I am posting here as I don't know where would be most appropriate.

With regard to all the doom and gloom about the forthcoming 2012 (no not the olympics!) end of it all scenario my youngest has got himself all miserable about it ,saying that ALL prophecies converge on this date, so there MUST be something in it.

Now I don't have a clue about end of world predictions and am fairly convinced that Old Mother Shipton, Nostradamus and their ilk are mostly faked (some of you will probably know much more than me here). The main cause of his worry is the Mayan prophecy about the ending of one of their astronomical cycles on 21/12/12.

Now I am a dutiful mum and don't like to see my kids worried like he is, so I am wondering if anyone here could tell me, if this is a cycle that is coming to an end, what occured when it began? If the Mayans state that something cataclasmic occurs when one of these cycles ends, then when this one started must have been the end of the previous one, so when was this and what happened? :?

His dad is a geologist and has pointed out that there have been many extinctions in geological time, some of them massive in scale. You can imagine that this proved less than reassuring :roll:

So, can any of you help me with some facts regarding this?

Thanks in advance
 
The short answer is that it's all a load of ......
There is no Mayan prophecy about the end of the world on 2012 - ONE of the calendars that the Mayan used had a cyclical pattern that went back to zero, just as our clocks do every night - like Western people, the Mayans used different calendars throughout history - we used to use the Julian Calendar, now we use the Gregorian. Since the Mayans stopped using that calendar before Columbus, no one is quite sure when it began or ended.
Probably nothing in particular happened on the day this calendar started - it happened around 3114 B.C., well before the Mayan civilization existed.
see: http://www.universetoday.com/2008/05/19 ... y-in-2012/
And the crystals skulls are nonsense too - they aren't ancient artifacts - they were probably made in the 19th and 20th Century.
tilly50 said:
If the Mayans state that something cataclasmic occurs when one of these cycles ends, then when this one started must have been the end of the previous one, so when was this and what happened? :?
So, can any of you help me with some facts regarding this?

Thanks in advance
 
Yeah, it's just a more recent version of the "Nostradamus predicted the end of the world in 1999" * stuff that permeated the popular press ten to fifteen years ago. When 1999 came and went, a few commentators bravely hung on, surreptitiously revising the dates onwards a bit, but now that particular industry has gone very, very quiet.

Anyhow, once we've got New Year's Day 2013 out of the way, someone somewhere will probably volunteer the explanation that we're twelve days out because of the Julian - Gregorian calendar switch over Mark mentioned, and then around January 13th 2013 further speculations will gradually show up about it actually being sometime in the following decade, owing to some hugely contrived excuse. If the end of the world does happen about then, said speculators will spend their (presumably) short time left running about and shouting "We told you so". Hopefully it won't, though.

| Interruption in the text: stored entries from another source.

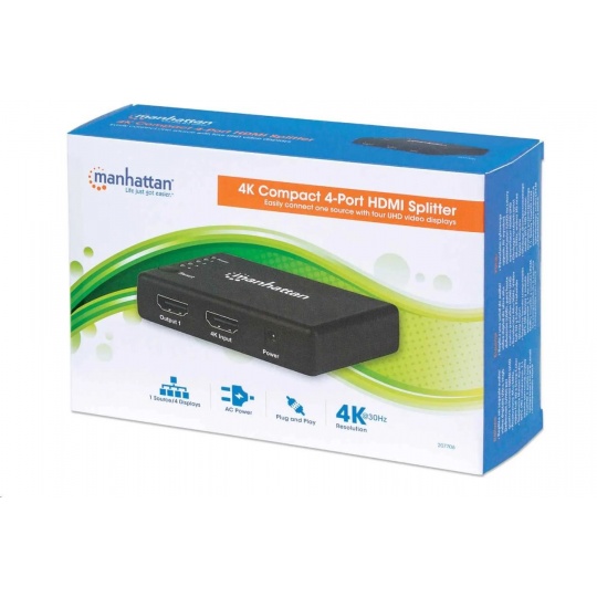 Ideal for trade shows, classrooms, video conferencing, home theater, presentations and retail applications, the Manhattan 4K HDMI Splitter features a built-in booster for added signal strength. It’s a good choice for splitting and distributing a synchronous signal to multiple 4K HDMI displays when source equipment is remotely stored in a secured room or cabinet. Cascade multiple units up to three levels to output HDMI video/audio on additional displays in widely distributed applications.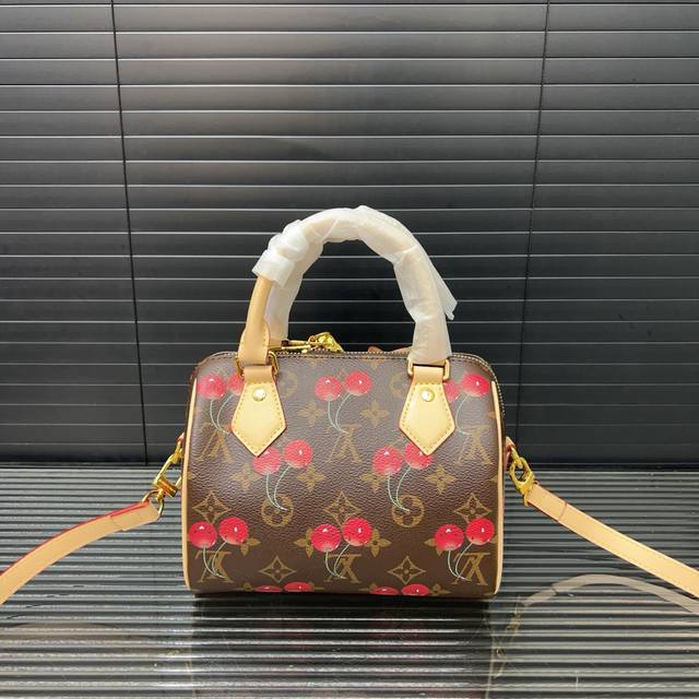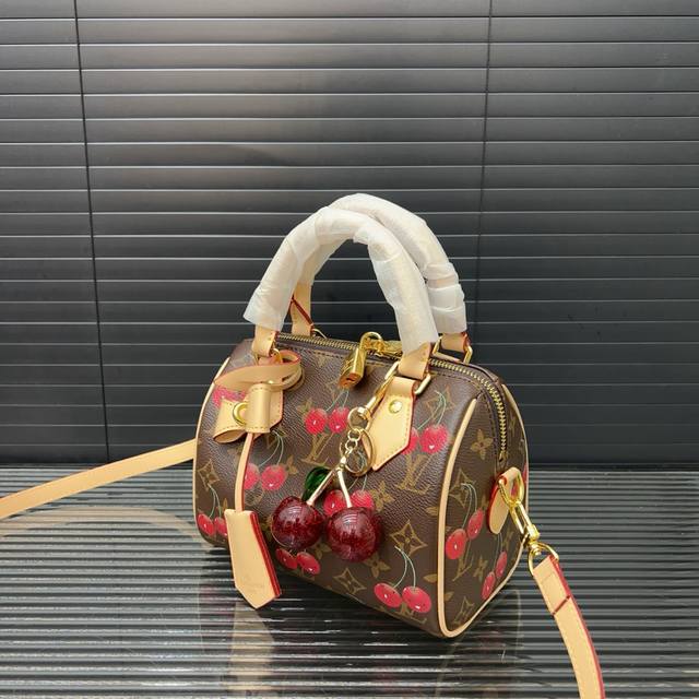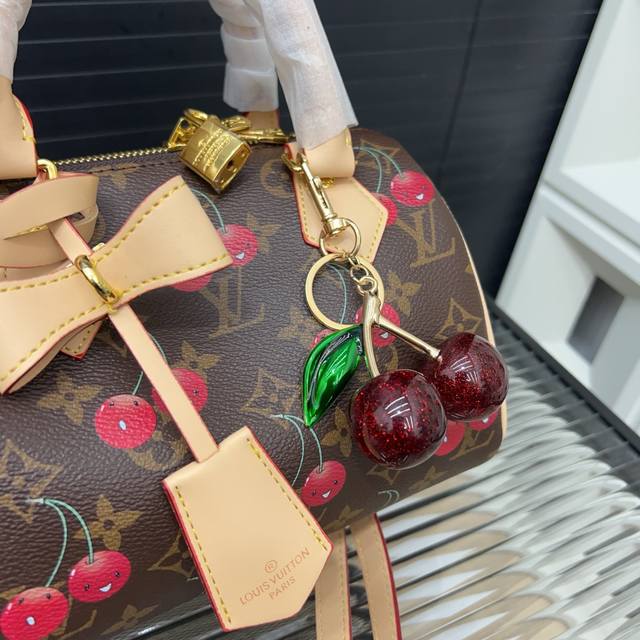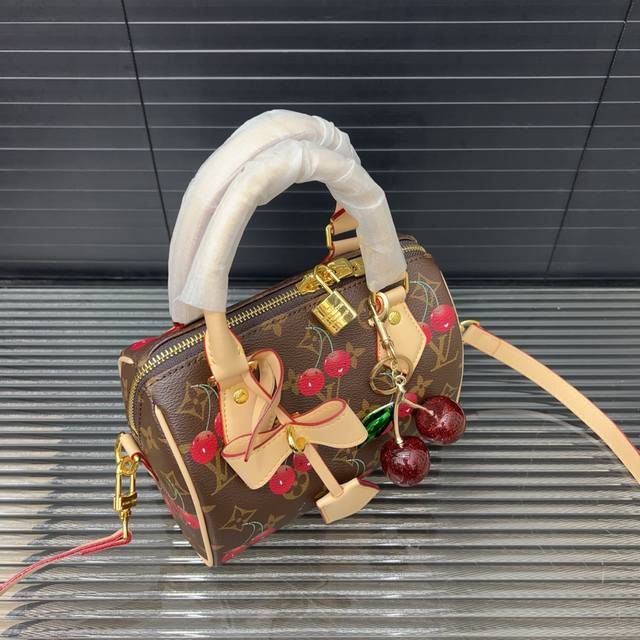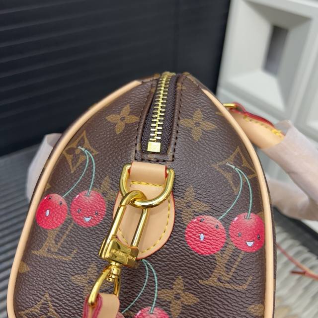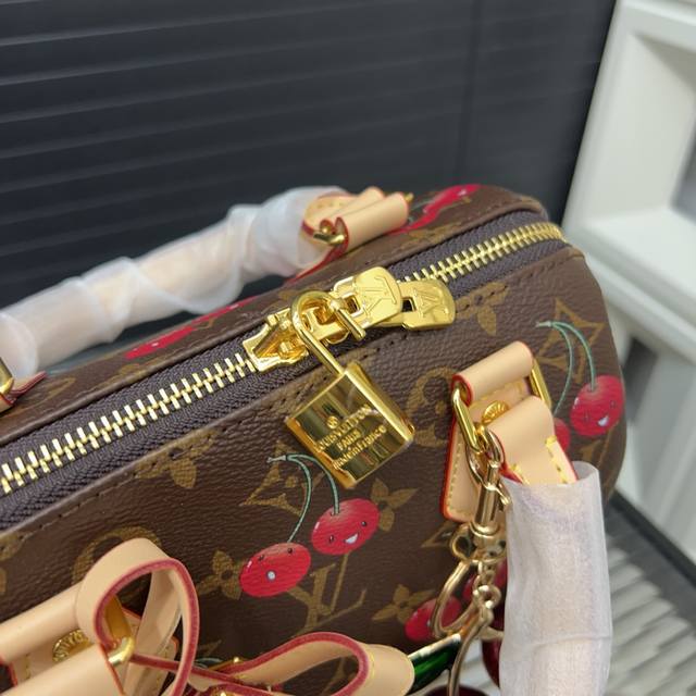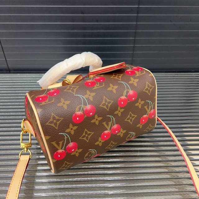 Takashi Murakami村上隆 联名款 Speedy Bandouliere 20 樱桃系列 Monogram Cherry 涂层帆布 单肩斜挎手提包 实物拍摄 配送防尘袋 礼盒 20 X 14 Cm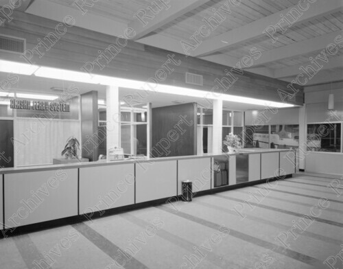 Scope & Content: Item consists of the interior of the Alaska Ferry System Office in Rupert Bus Line terminal at 2nd Avenue West and 7th Street. A bus can be seen outside the window on the right. Handwritten annotation on recto of copy 2 reads: "Alaska Ferry System Office in Rupert Bus Line. 2nd. Ave. & 7th. St. 1965." Handwritten annotation on verso of copy 3 reads: "Frasers. 1965." Stamped annotation on verso of copies 2 and 3 reads: "Photo by Jack Wrathall Prince Rupert, B. C."

Bottom line - nobody really knows. The sun will cop it in 5 billion years or so, though, so Earth's prospects will take a downward turn around about then. You can tell your kids that one :).

*The point being, he didn't. In actual fact, though he wrote an awful lot, no-one's actually entirely sure what he was saying, Ever.
 
Thanks guys, great article Mark, it was reassuring and informative.

The problem is that a lot of these kids are in no way stupid but with so much "information" on offer they can find it hard to discern what is real and what is not. It is hard enough for young people today without anybody telling them that all their hard work is in vain as everything is coming to an end soon anyway!

I took a look at some of these "doomsday" sites and honestly!!! :roll: :shock: They are shamlessly using current events (global warming, fuel prices, the price of property falling, etc, etc) which are worrying in themselves, and tying them in to prophecies going back as far as the Old Testament!!! It is the usual stuff of finding the prophecy AFTER the event.

Thanks again
 
James Randi lists 44 failed end-of-the-world prophecies:

randi.org/encyclopedia/appendix3.html
Link is dead. The MIA webpage can be accessed via the Wayback Machine:

https://web.archive.org/web/20110310000144/http://www.randi.org/encyclopedia/appendix3.html


and there are 64 here :

http://www.religioustolerance.org/end_wrl2.htm

- and that's before 2000, when we had a whole slew of them.

What's amusing (if you've been around a but) is how people change the dates on them - Old Mother Shipton was originalyl quoted as saying that the world to and end will come in 1881....and this was later changed to 1991.

The other one is people predicting alien contact, we've had folk saying it'll be int he next year or two for at least 30 years.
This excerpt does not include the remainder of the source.